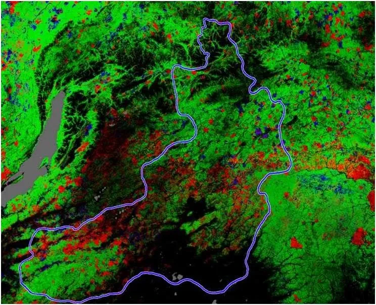 Фото: olegkorsun. Синяя линия - границы Забайкальского края, черное - степи, зеленое - лес, красным показаны участки, испытавшие обезлесивание за последние 10 лет. В нижнем правом углу - Китай.
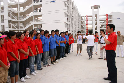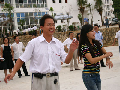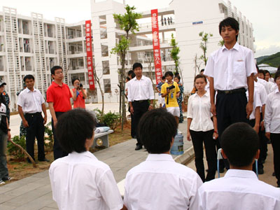 陆丹院长在现场 9月12日下午,院党委书记、执行院长陆丹,院党委副书记牟维莲及学院全体中层干部一起来到西区,参观“我是谁”和“我和你”健康人格拓展训练。 西区校道上一个一个的小方阵中,每一个人都表情严肃。训导员连珠炮似的提问,受训者毫不犹豫地回答,不少人的白色衬衣被汗水濡湿,但每一次出列、归队、答问依然步伐坚定、声音洪亮。这是大部分新生已经感受过的“我是谁”拓展训练环节。 球场上,穿红蓝两色体恤的男生女生伴随着轻松欢快的音乐列队跳舞,相比起严肃紧张的“我是谁”,“我和你”这个环节就显得轻松很多,每个人都兴高采烈,脸上漾着灿烂的笑容。不少领导在学生的邀请下也加入了集体舞蹈的行列。 在现场参与训练的06级同学说,今年的新生军训让他们感觉到“不可思议”,但是确实让人感觉很棒!她很快认同了这两个活动,也希望新生能理解学院的良苦用心,她期待着去教新生们跳“我和你”的时候。 在场外参观的08新生则说,常规的军事训练让他们得到了国防教育、了解了军事知识。而健康人格拓展训练则让他们眼界大开,常常迫不及待地告诉高中时的朋友最新的体会,“这绝对是让人想象不到的军训。” 陆丹院长在训练场上告诉同学们,教育是一个国家送给国民最好的礼物。三亚学院要送给大家的最好的礼物将是——健康的人格。对于一个人来说,知识是认识社会的需要,能力用来解决问题,而健康的人格决定一个人的生涯发展。所以,学院特别策划在08级新生军训中加入健康人格拓展训练活动,就是为了让同学们能够认识自己、转变角色、融入团队。在“我是谁”活动中感受到规则、层级的概念、在“你和我”活动中感受到平等和友好。 (陈莎莎 李亚光)
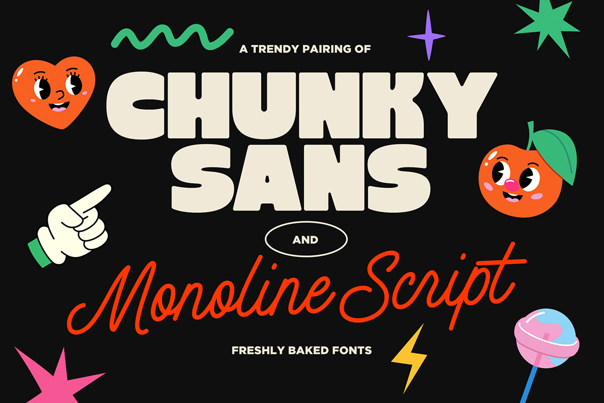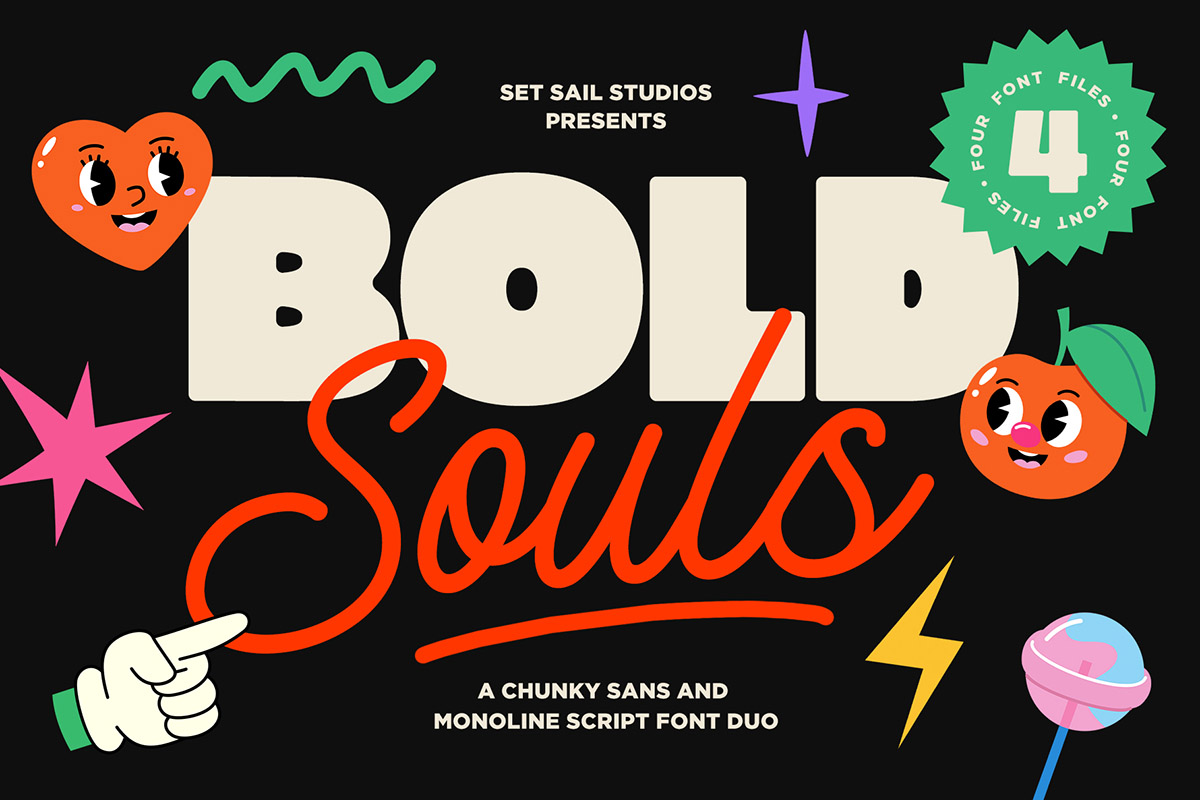 Go Bold with the Bold Souls Font Duo! This trendy pairing of fonts has been carefully designed to perfectly compliment one another, featuring a Super Chunky Sans Font (with the option of sharp or rounded edges), and a Smooth Monoline Script Font (with 35 bonus underline swashes). The strong sans does the heavy lifting while the flowing script gives it the extra flair, both bringing their own unique style to the party.

=-=-=-=-=

> _Exercise_
Quote the material word for word, dropping any images it holds.

> _Output_
 Фото: olegkorsun. Синяя линия - границы Забайкальского края, черное - степи, зеленое - лес, красным показаны участки, испытавшие обезлесивание за последние 10 лет. В нижнем правом углу - Китай.
 陆丹院长在现场 9月12日下午,院党委书记、执行院长陆丹,院党委副书记牟维莲及学院全体中层干部一起来到西区,参观“我是谁”和“我和你”健康人格拓展训练。 西区校道上一个一个的小方阵中,每一个人都表情严肃。训导员连珠炮似的提问,受训者毫不犹豫地回答,不少人的白色衬衣被汗水濡湿,但每一次出列、归队、答问依然步伐坚定、声音洪亮。这是大部分新生已经感受过的“我是谁”拓展训练环节。 球场上,穿红蓝两色体恤的男生女生伴随着轻松欢快的音乐列队跳舞,相比起严肃紧张的“我是谁”,“我和你”这个环节就显得轻松很多,每个人都兴高采烈,脸上漾着灿烂的笑容。不少领导在学生的邀请下也加入了集体舞蹈的行列。 在现场参与训练的06级同学说,今年的新生军训让他们感觉到“不可思议”,但是确实让人感觉很棒!她很快认同了这两个活动,也希望新生能理解学院的良苦用心,她期待着去教新生们跳“我和你”的时候。 在场外参观的08新生则说,常规的军事训练让他们得到了国防教育、了解了军事知识。而健康人格拓展训练则让他们眼界大开,常常迫不及待地告诉高中时的朋友最新的体会,“这绝对是让人想象不到的军训。” 陆丹院长在训练场上告诉同学们,教育是一个国家送给国民最好的礼物。三亚学院要送给大家的最好的礼物将是——健康的人格。对于一个人来说,知识是认识社会的需要,能力用来解决问题,而健康的人格决定一个人的生涯发展。所以,学院特别策划在08级新生军训中加入健康人格拓展训练活动,就是为了让同学们能够认识自己、转变角色、融入团队。在“我是谁”活动中感受到规则、层级的概念、在“你和我”活动中感受到平等和友好。 (陈莎莎 李亚光)
 Go Bold with the Bold Souls Font Duo! This trendy pairing of fonts has been carefully designed to perfectly compliment one another, featuring a Super Chunky Sans Font (with the option of sharp or rounded edges), and a Smooth Monoline Script Font (with 35 bonus underline swashes). The strong sans does the heavy lifting while the flowing script gives it the extra flair, both bringing their own unique style to the party.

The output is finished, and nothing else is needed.